Data shown.
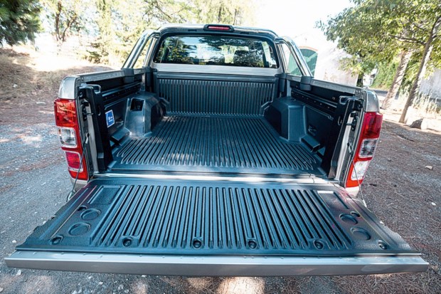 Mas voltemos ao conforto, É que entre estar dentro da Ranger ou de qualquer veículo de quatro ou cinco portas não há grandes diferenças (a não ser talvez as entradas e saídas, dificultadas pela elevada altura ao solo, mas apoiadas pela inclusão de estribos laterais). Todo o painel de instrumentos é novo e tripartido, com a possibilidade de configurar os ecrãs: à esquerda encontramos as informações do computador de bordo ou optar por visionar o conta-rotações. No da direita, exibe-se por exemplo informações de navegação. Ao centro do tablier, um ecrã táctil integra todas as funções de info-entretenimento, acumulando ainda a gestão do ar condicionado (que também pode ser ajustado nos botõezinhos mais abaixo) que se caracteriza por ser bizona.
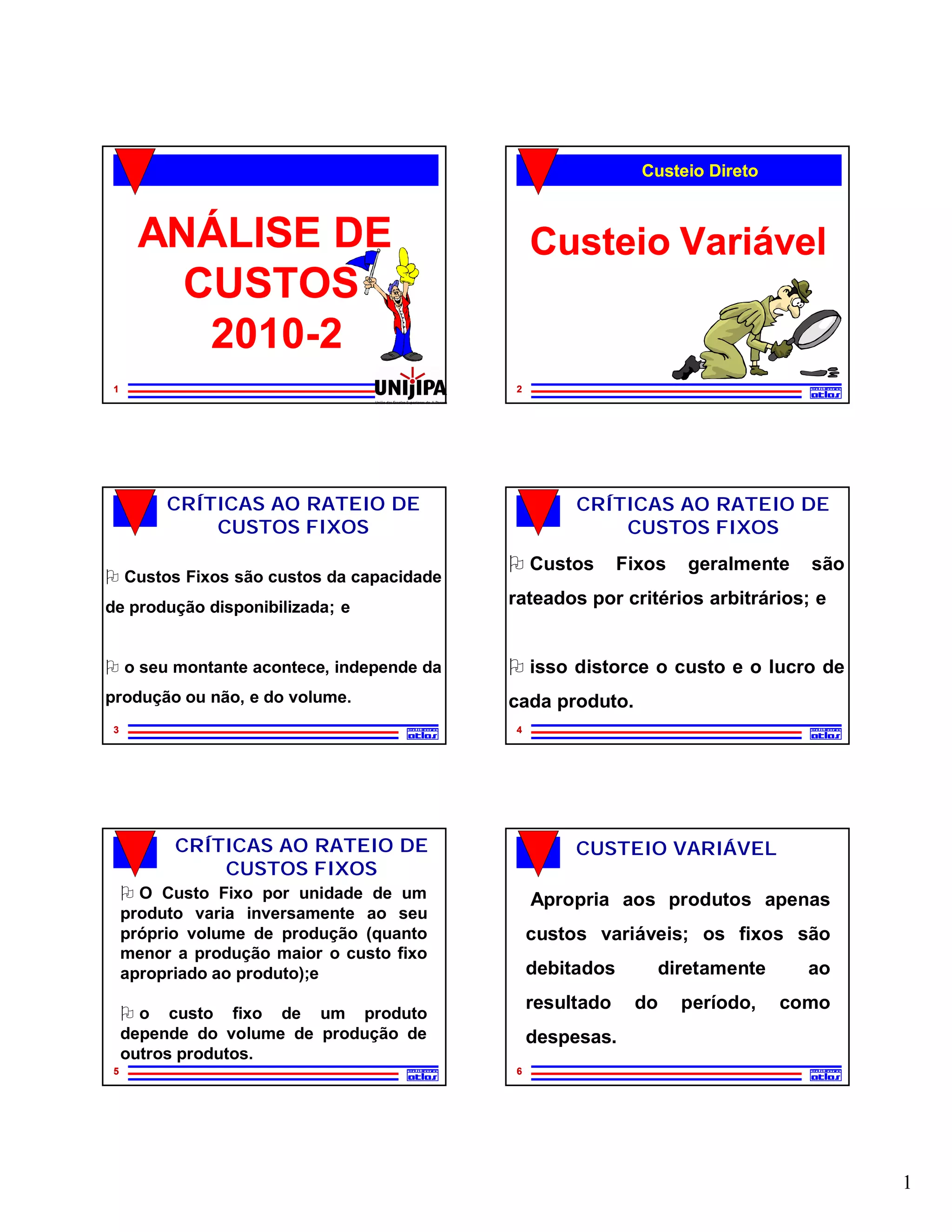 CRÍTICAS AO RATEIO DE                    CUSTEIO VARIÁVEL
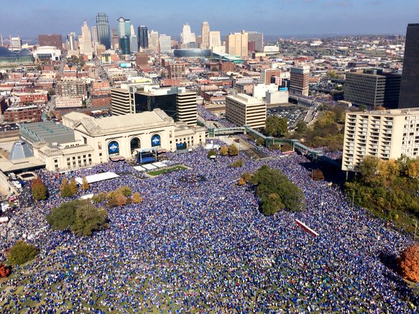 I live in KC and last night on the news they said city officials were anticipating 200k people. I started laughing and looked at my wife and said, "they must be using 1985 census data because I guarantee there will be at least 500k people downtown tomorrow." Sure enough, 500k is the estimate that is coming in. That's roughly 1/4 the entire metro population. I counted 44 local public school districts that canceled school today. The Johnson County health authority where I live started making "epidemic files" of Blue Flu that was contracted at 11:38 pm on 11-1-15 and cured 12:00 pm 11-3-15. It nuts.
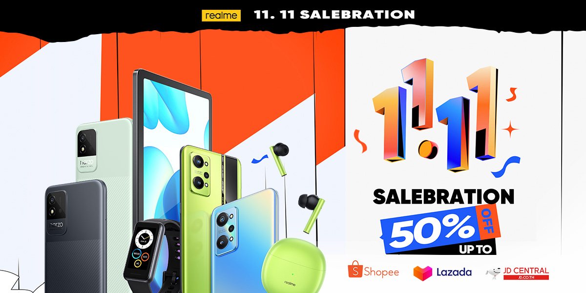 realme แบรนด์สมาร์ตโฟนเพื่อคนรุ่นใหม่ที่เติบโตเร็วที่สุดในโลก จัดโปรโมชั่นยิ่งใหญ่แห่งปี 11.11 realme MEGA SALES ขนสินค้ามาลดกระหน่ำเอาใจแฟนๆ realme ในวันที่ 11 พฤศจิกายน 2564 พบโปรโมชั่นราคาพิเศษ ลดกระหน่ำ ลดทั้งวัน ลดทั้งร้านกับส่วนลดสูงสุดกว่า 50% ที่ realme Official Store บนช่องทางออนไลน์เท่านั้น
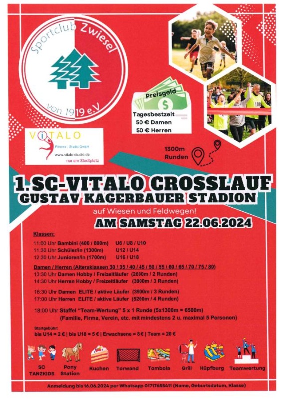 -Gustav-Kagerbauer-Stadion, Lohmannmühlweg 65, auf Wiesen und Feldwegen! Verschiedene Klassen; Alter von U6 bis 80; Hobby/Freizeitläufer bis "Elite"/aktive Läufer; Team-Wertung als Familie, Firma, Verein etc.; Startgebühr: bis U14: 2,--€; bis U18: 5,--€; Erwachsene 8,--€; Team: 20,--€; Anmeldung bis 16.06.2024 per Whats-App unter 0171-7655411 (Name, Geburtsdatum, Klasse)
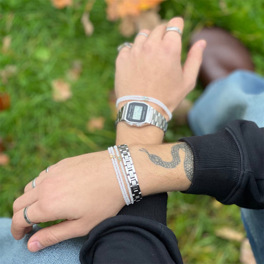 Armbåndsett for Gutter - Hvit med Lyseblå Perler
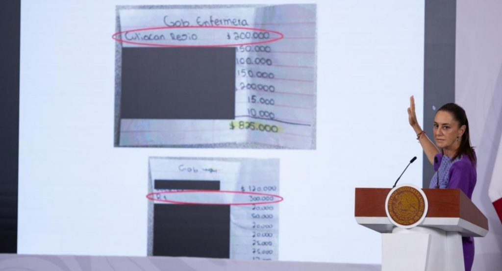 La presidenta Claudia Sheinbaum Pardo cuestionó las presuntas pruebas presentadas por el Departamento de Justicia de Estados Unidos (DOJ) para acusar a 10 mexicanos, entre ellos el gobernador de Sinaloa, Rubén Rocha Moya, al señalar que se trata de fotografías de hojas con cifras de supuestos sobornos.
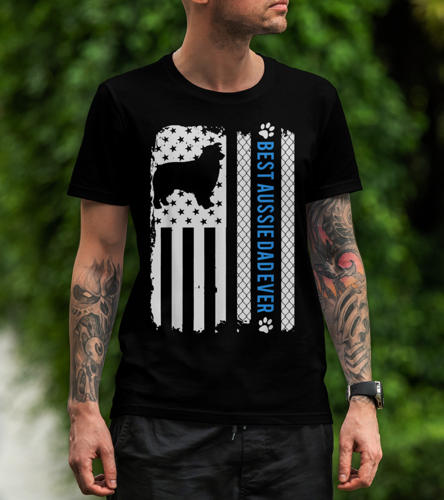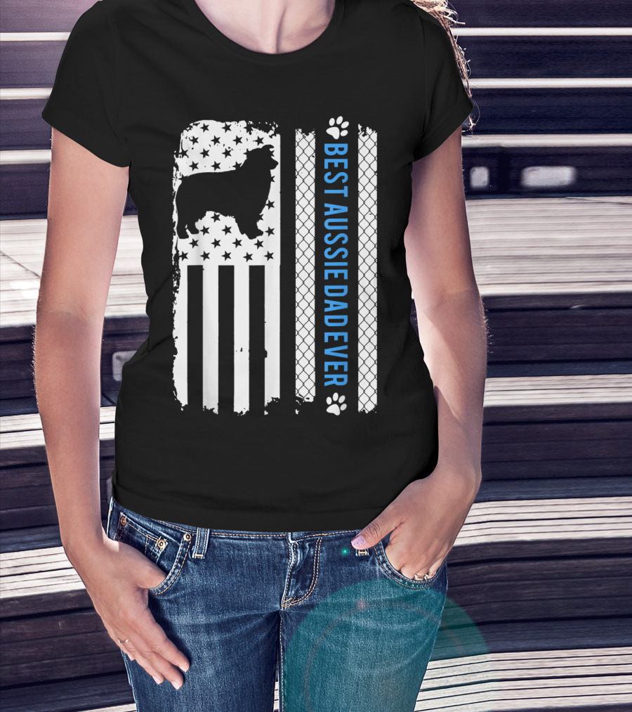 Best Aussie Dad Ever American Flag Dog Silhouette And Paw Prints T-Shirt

Problem to work on. Write out exactly, please, the lines that start at the one containing "Armbåndsett for Gutter" and run through the final line of the entries, both included, leaving pictures out.

Solution to this exercise.
 Armbåndsett for Gutter - Hvit med Lyseblå Perler
 La presidenta Claudia Sheinbaum Pardo cuestionó las presuntas pruebas presentadas por el Departamento de Justicia de Estados Unidos (DOJ) para acusar a 10 mexicanos, entre ellos el gobernador de Sinaloa, Rubén Rocha Moya, al señalar que se trata de fotografías de hojas con cifras de supuestos sobornos.
 Best Aussie Dad Ever American Flag Dog Silhouette And Paw Prints T-Shirt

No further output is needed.